Math 142 - Week 6 Notes

Monday, September 28

Today we introduced the partial fraction decomposition. This is an algebra technique that helps integrate rational functions. Here is a video example. We applied the technique to solve the following integrals:

  1. \(\displaystyle \int \frac{x+5}{x^2+x-2} \, dx\).

  2. \(\displaystyle \int \frac{1}{P(1-P)} \, dP\).

Partial fractions works for any rational function where the degree of the numerator (top) is less than the degree of the denominator (bottom) and the denominator factors into linear (i.e., degree 1) factors that all have different roots. If the degree of the numerator is bigger than or equal to the degree of the denominator, then use polynomial long division first. Here is a video review of how polynomial long division works.

We did this example in class:

  1. \(\displaystyle \int \frac{x^3 + x}{x-1} \, dx\).

We left one example for next time:

  1. \(\displaystyle \int \frac{x^4-5x^2+4x}{x^2-4} \, dx\). Hint: Since the degree on top is bigger than the degree on bottom, start with polynomial long division.

Wednesday, September 30

Today we switched from integrals to limits. We will be using limits a lot in the next few weeks, so we need a fast way to compute them. One option that works frequently (but not always) is L’Hospital’s rule. Here is a quick video explanation. We did the following examples:

  1. \(\displaystyle \lim_{x \rightarrow 0} \frac{\sin x}{x}\).

  2. \(\displaystyle \lim_{x \rightarrow 5^+} \frac{x}{x-5}\). (You can’t use L’Hospital’s rule here! Why not?)

  3. \(\displaystyle \lim_{x \rightarrow \infty} \frac{x^2}{e^x}\).

  4. \(\displaystyle \lim_{x \rightarrow 3^-} \frac{x^2 - 2x - 3}{x^2 - 5x +6 }\).

  5. \(\displaystyle \lim_{x \rightarrow \infty} \frac{\ln x}{1-x}\).

  6. \(\displaystyle \lim_{x \rightarrow \pi^+} \frac{\sin x}{1-\cos x}\). (Watch out, this one isn’t L’Hospital’s rule either!)

In addition to the indeterminant forms \(\frac{\infty}{\infty}\) and \(\frac{0}{0}\), there are other indeterminant forms that come up when working with limits. These include: \[0 \cdot \infty, ~ \infty - \infty, ~ 0^0, ~ 1^\infty, ~ 0^\infty\] Here are some ideas on how to deal with these when they pop up in limit calculations:

  1. \(\displaystyle \lim_{x \rightarrow 0^+} x \ln x\). Hint: re-write the problem as \(\displaystyle \lim_{x \rightarrow 0^+} \dfrac{\ln x}{x^{-1}}\) so you can apply L’Hospital’s rule.

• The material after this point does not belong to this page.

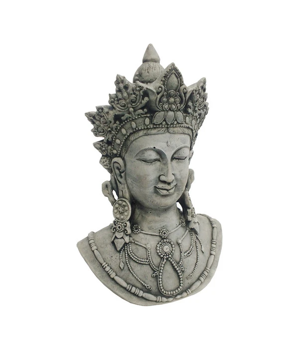 Jeder, der schon einmal eine Reise nach Fernost unternommen hat, kennt Büsten wie sie dieser Beton-Buddha nachempfindet. Holen Sie sich dieses Flair nach Hause und unterstützen die Wirkung der Beton-Buddha Büste mit passenden Accessoires. In Ihrem Garten wächst ein Bambus? Dann setzen Sie die Beton-Buddha Büste einfach wie zufällig davor und legen einige schöne Steine daneben – fertig ist ihr asiatischer Blickfang. Oder verzaubern Sie Ihre Terrasse, indem Sie Ihren Miniteich mit einer Seerose bepflanzen und die Buddha-Büste dazu arrangieren.

  2. \(\displaystyle \lim_{x \rightarrow \tfrac{\pi}{2}^-} (\sec x - \tan x)\). Hint: combine the secant and tangent into one fraction by switching to sines and cosines.

  3. \(\displaystyle \lim_{x \rightarrow 0^+} x^x\). Hint, let \(A = \lim_{x \rightarrow 0^+} x^x\) and take the natural log of both sides.

Friday, October 2

Today we talked about improper integrals which are integrals involving infinity (either in the bounds, or because of a vertical asymptote). You deal with these just like any other definite integral, except you might have to calculate a limit to find the answer. We did several examples:

  1. \(\displaystyle \int_1^{\infty} \frac{1}{x^2} \, dx\). This one turns out to just be 1, which illustrates a very important idea: The area under an infinite curve can still be finite!

  2. \(\displaystyle \int_2^3 \frac{1}{\sqrt{x-2}} \, dx\). You could integrate this one without even realizing that it is technically an improper integral. But it you look at the graph, you’ll see why it counts as an improper integral.

  3. \(\displaystyle \int_2^\infty \frac{1}{x} \, dx\).

  4. \(\displaystyle \int_{-\infty}^0 x e^{-x} \, dx\).

If the value of the integral is a finite number, we say it converges. Otherwise, it diverges.

  1. For what values of \(p\) does the integral \(\displaystyle \frac{1}{x^p} \, dx\) converge? Answer, \(p > 1\). (This is known as the \(p\)-test).

We also talked about another simple idea known as the comparison test. If \(f(x)\) and \(g(x)\) are nonnegative functions and \(f(x) \le g(x)\), then \(\int f \le \int g\). This has two consequences:

  1. \(\displaystyle \int_1^e \frac{1}{x \ln x} \, dx\). Hint: Let \(u = \ln x\) and use u-substitution.

  2. Compare the previous integral with \(\displaystyle \int_1^e \frac{1}{\ln x} \, dx\). Which integral is bigger? What does that mean about whether this integral converges or diverges?